Required work: Where the line containing "大夥們馬上卸裝整理營地,帳篷" appears, end the copy there, keeping that line; start from the first line of the entries, copy exactly, and omit pictures.

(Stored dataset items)
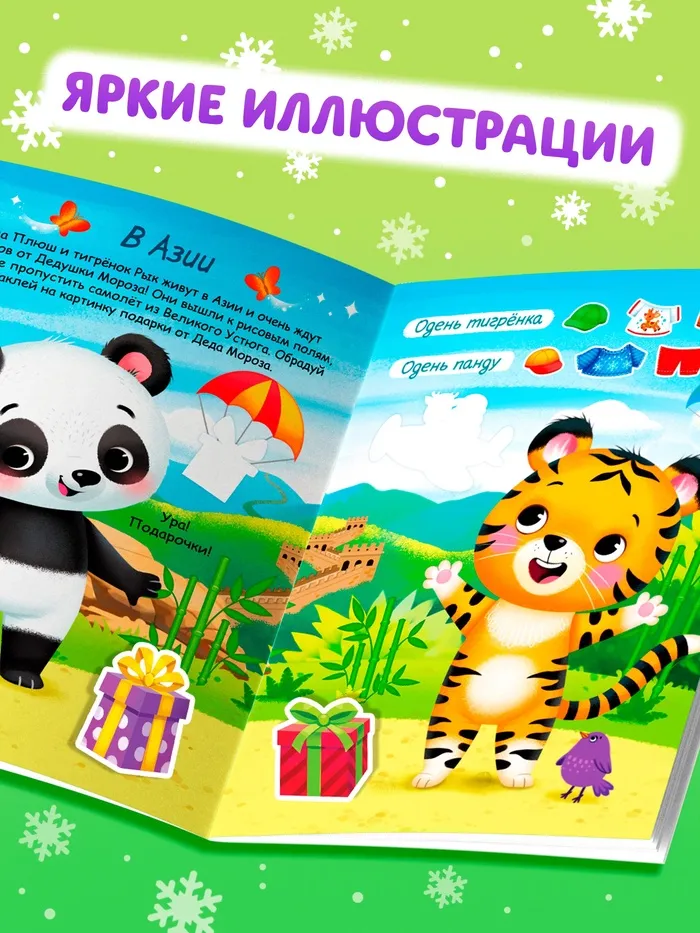 Если малыш любить клеить наклейки и читать новогодние истории, то эта книжка его точно порадует!
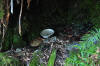大夥們馬上卸裝整理營地,帳篷搭好後,阿煒負責炊煮晚餐,我和Bryan則找水源去。第一水源就在營地續往前續行約三公鐘處,水源前的下切很陡,需拉繩下去,下去後往右上方上去就看得到。左前方深谷中溪水聲隆隆作響,但並非取水之處。拿著容器在碎石累累的邊坡上裝水,水量不大,但確是穩定乾淨的活水源,早知道就不用那麼辛苦從吊橋那裡背水上來了…。
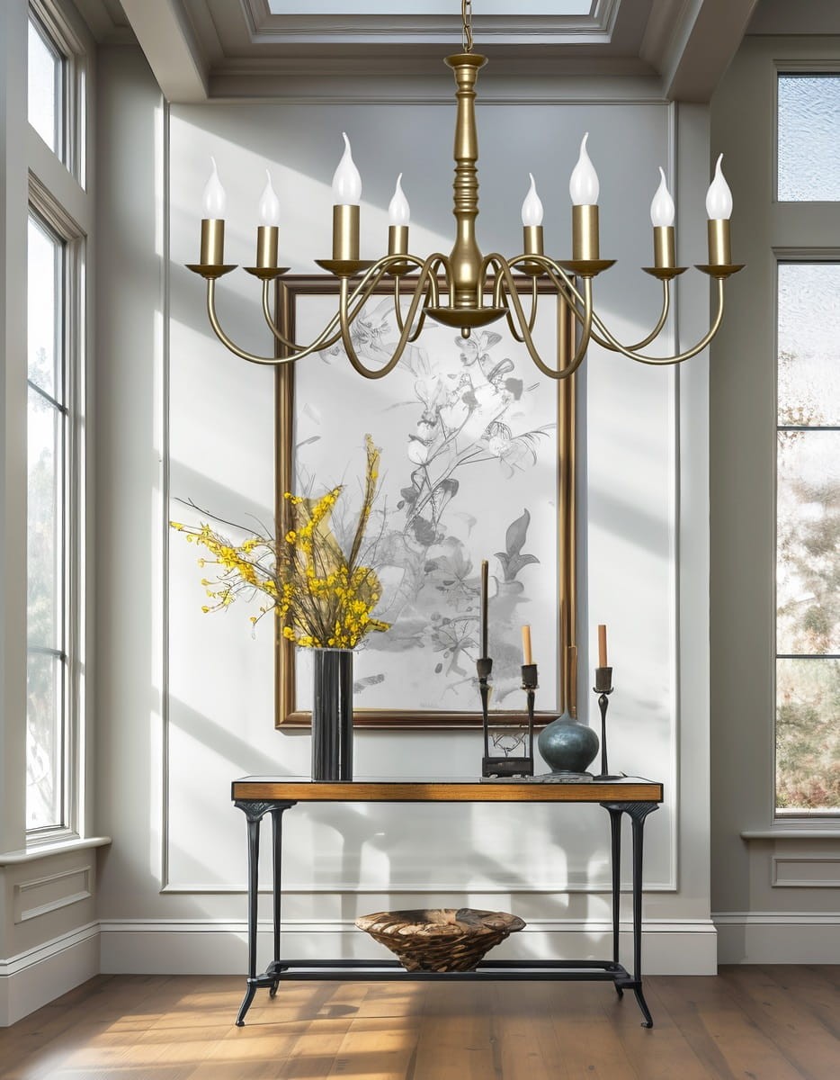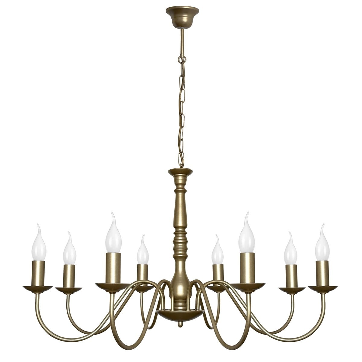 Elegancki, szeroki żyrandol JASMIN z ośmioma punktami świetlnymi, pomalowany elektrostatycznie na kolor starego złota to idealny dodatek do przestronnych wnętrz, urządzonych w stylu klasycznym. Ozdobny środkowy element nawiązuje do stylu pałacowego, a smukłe proste ramiona równoważą tą odważną stylistykę. Doskonałym uzupełnieniem będą tutaj żarówki w kształcie płomyków. Na uwagę zasługuje to, że lampa została w całości wyprodukowana w Polsce.
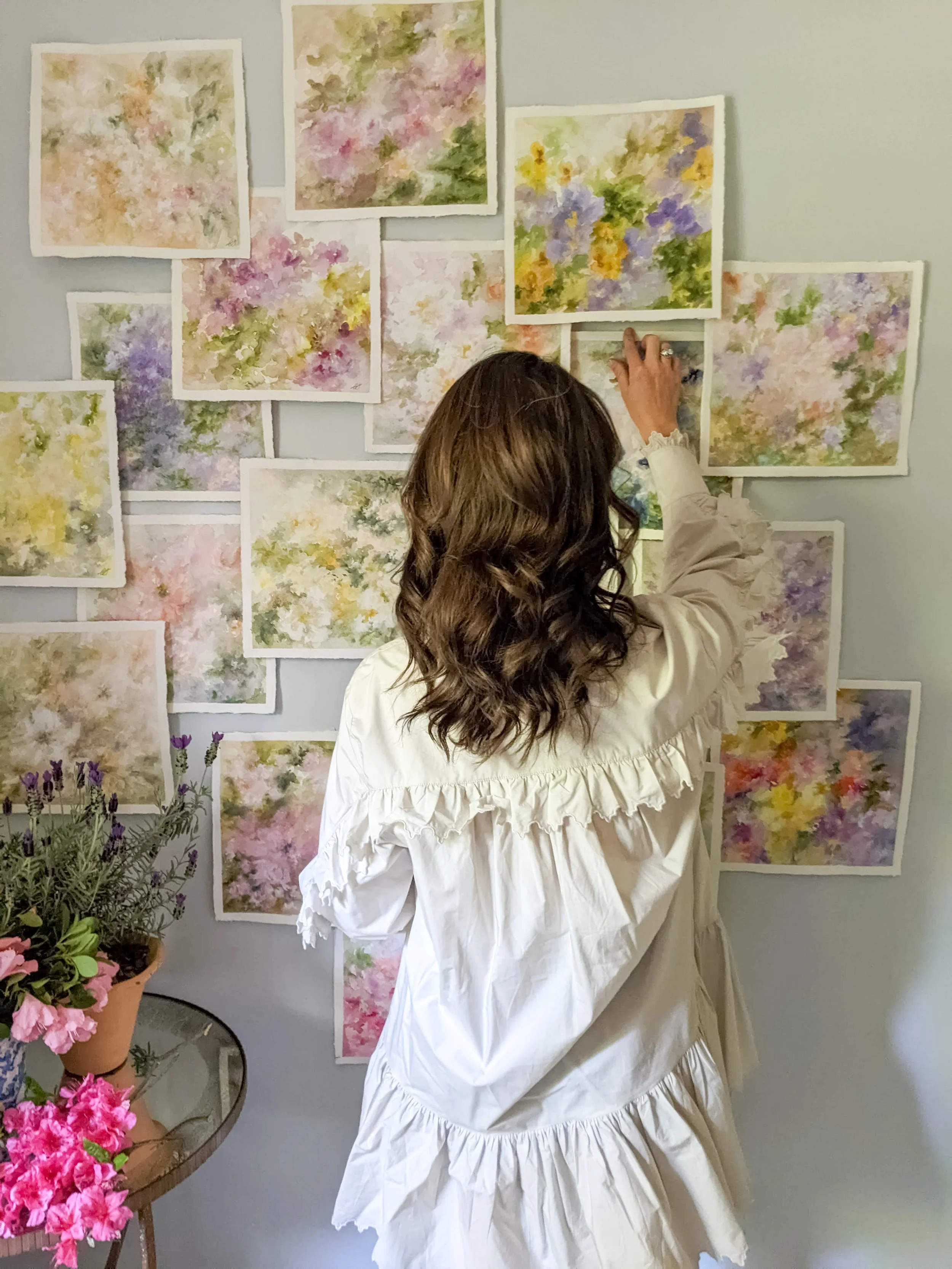 The abstract watercolor florals were a concept brought out of the inspiration of the cold, grey, and dreary time of year where days on end of snow, rain, and dark and dreary skies eventually give way to beautiful blooms as the first signs of new life begin to emerge all around. The water blurring and obstructing them as if looking through a window pane (hence the square sizes) in the midst of an early springtime shower. Hope in the midst of a storm. The proverbial silver lining. The truth is, I really struggle with winter as a season. On top of that annual generalization, the first quarter of this year was a wild ride right out of the gate of big, scary and course altering fires and little, pestering fires culminating everywhere and before I knew it I was fully engulfed. Tis the ebb and flow of life for sure, but the metaphorical flames left me in a disorienting fog of smoke so thick that made it hard to navigate for a bit as the dust began to settle which is a bit out of my ordinary realm of recall… Spring is by far my favorite of all seasons because of the breath of life it brings and this one was no different, or perhaps, completely different because it lifted me out of that valley with each sweet, intimate God wink and the goodness of hopeful promises all around, even in the midst of it all still. I welcomed a deliberately slow pace of exploration without expectations or agendas and each work of this series came about organically over weeks and weeks as new blossoms bloomed all around and I carefully collected them and filled my studio space with vases of new thing after new thing. Each brushstroke became very meditative and prayerful and it was a real journey of personal growth to paint them all so carefully and intentionally. To focus in intently on the beauty and promise and goodness even in the midst of chaos.
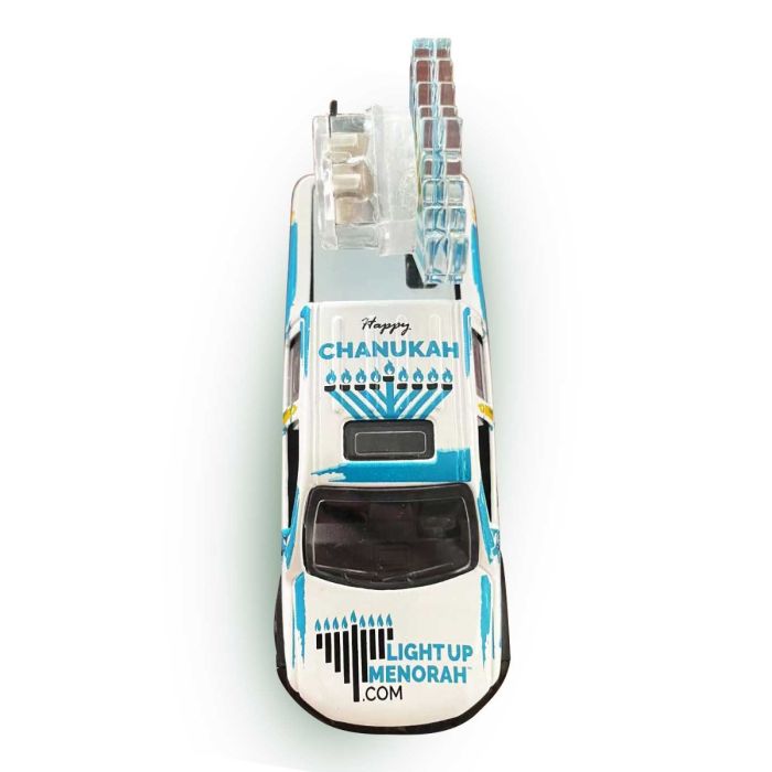 LED LIGHT UP CAR MENORAH ON PICKUP TRUCK - White / Blue
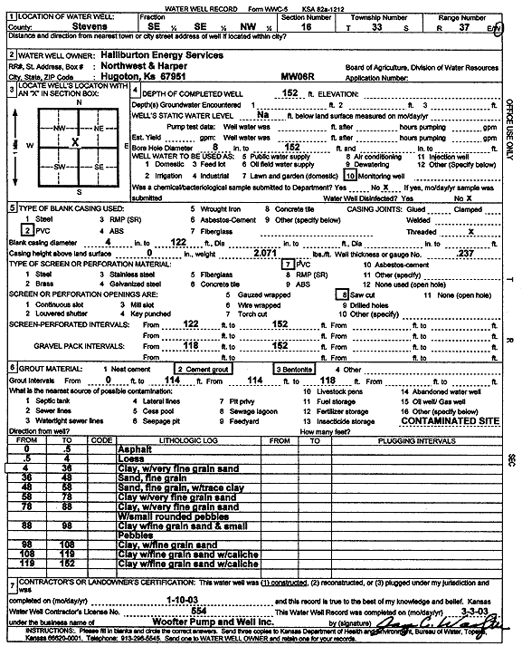 Halliburton Energy Services | 152 ft. | Monitoring well/observation/piezometer | MW 06R | Constructed | 10-Jan-2003 | Scan | ||
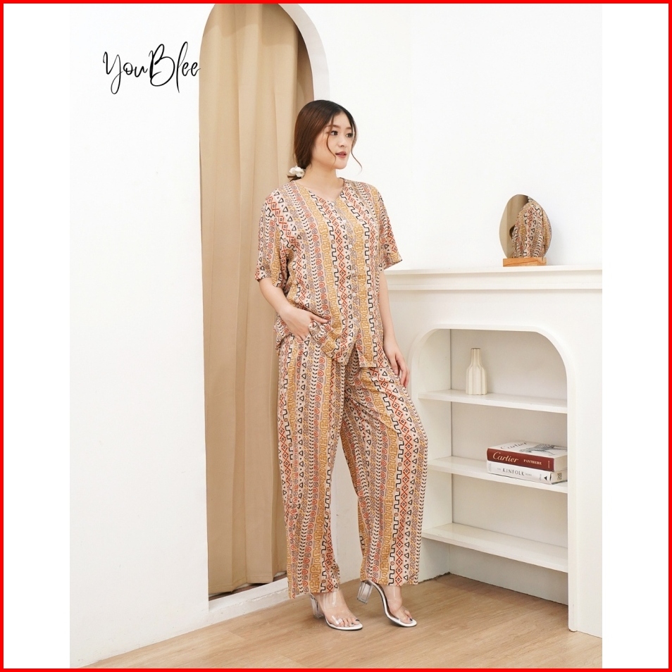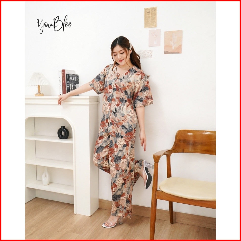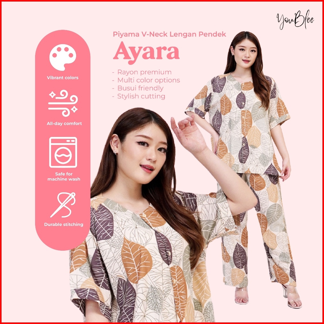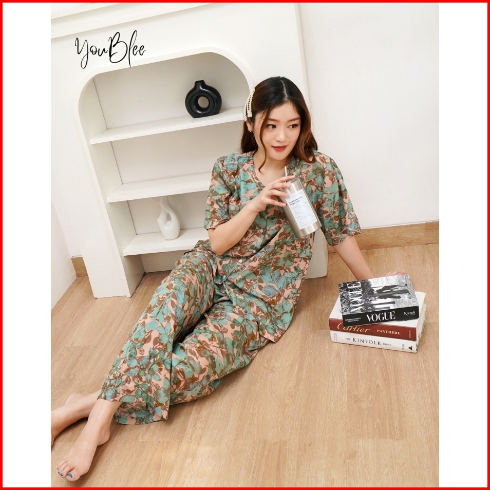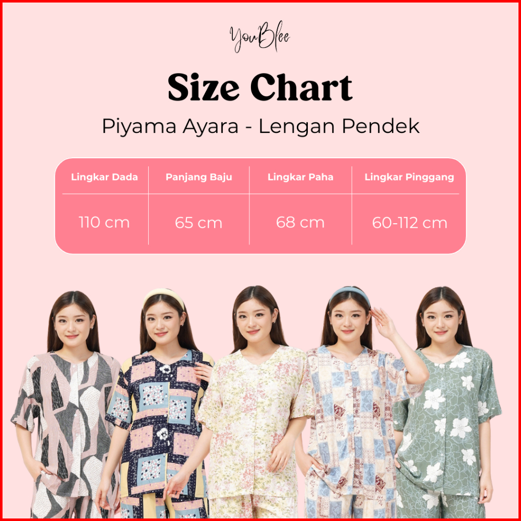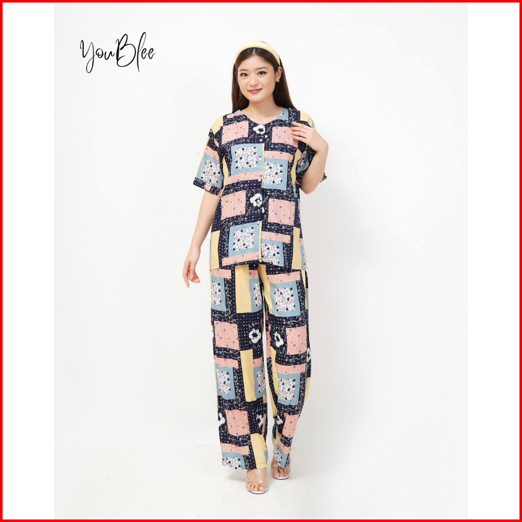 Youblee Piyama Ayara Baju Tidur Ld 110 Wanita Lengan Pendek Kerah V One Set Rayon Premium
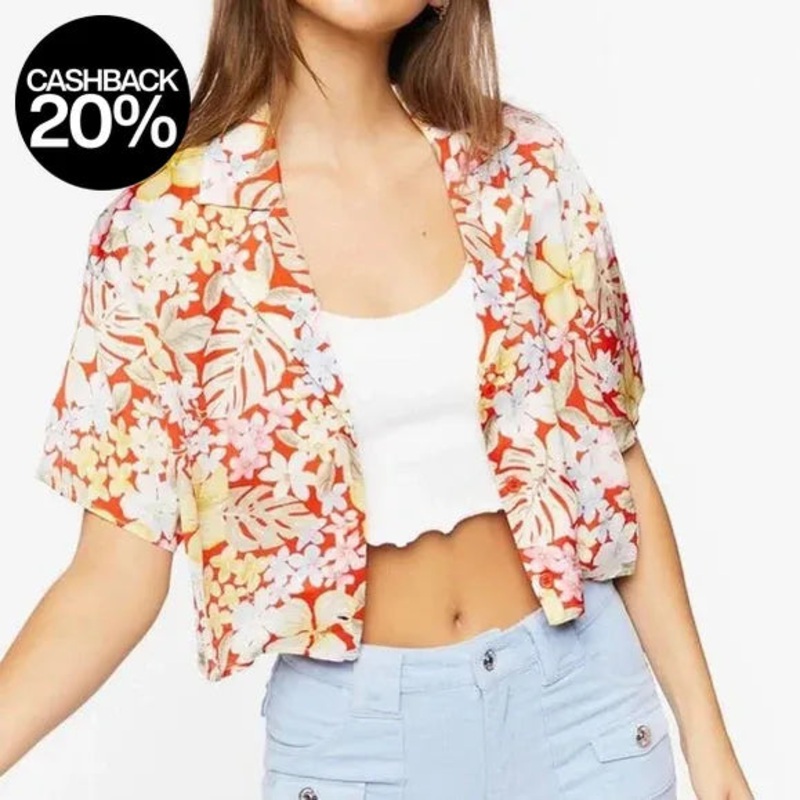 Forever 21 Women's Red Floral Short Sleeve Shirt Women's Hawaiian Crop Top Aloha Shirt in Hibiscus. 100% Rayon Soft and Flowy Perfect for Luau Party and Hawaii Theme Party Comfortable fitting One front pocket Button down closure Short sleeves 15 length Col
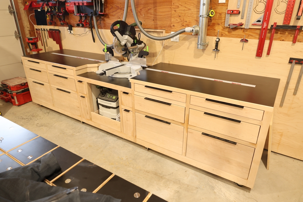 Festool KS 120 REB sliding compound miter saw paired with a Festool CT 15 E HEPA dust extractor, mounted in a custom-built woodworking workstation with integrated cabinetry and work surfaces. Setup includes the miter saw installed flush into the table with fence extensions, dust collection hose connected, and the CT 15 E extractor housed below in a dedicated pull-out compartment. Branding, model identification, and electrical information are visible on the equipment, and the custom table appears purpose-built to support the saw and dust collection system as shown, on casters. Buyer must take all. Excludes the contents of the drawers. No equipment is onsite to assist loading. Bring the proper tools, equipment, and help needed to load your items. Seller reports: nearly all the powertool (especially Festools) are in fantastic condition, low low use and have been kept in climate controlled garage.
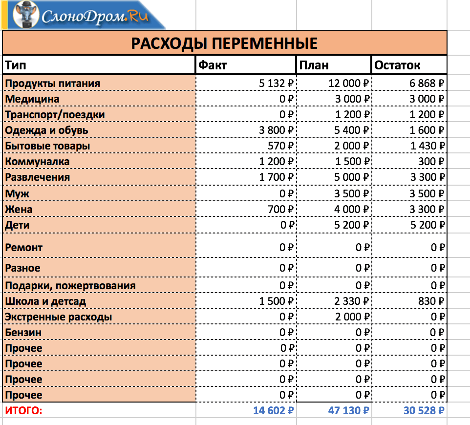 1. Первый месяц достаточно просто записывать все поступления и траты. Главная задача сейчас — узнать, сходится ли баланс, сколько остается свободных средств.

Response to this task:
 Если малыш любить клеить наклейки и читать новогодние истории, то эта книжка его точно порадует!
大夥們馬上卸裝整理營地,帳篷搭好後,阿煒負責炊煮晚餐,我和Bryan則找水源去。第一水源就在營地續往前續行約三公鐘處,水源前的下切很陡,需拉繩下去,下去後往右上方上去就看得到。左前方深谷中溪水聲隆隆作響,但並非取水之處。拿著容器在碎石累累的邊坡上裝水,水量不大,但確是穩定乾淨的活水源,早知道就不用那麼辛苦從吊橋那裡背水上來了…。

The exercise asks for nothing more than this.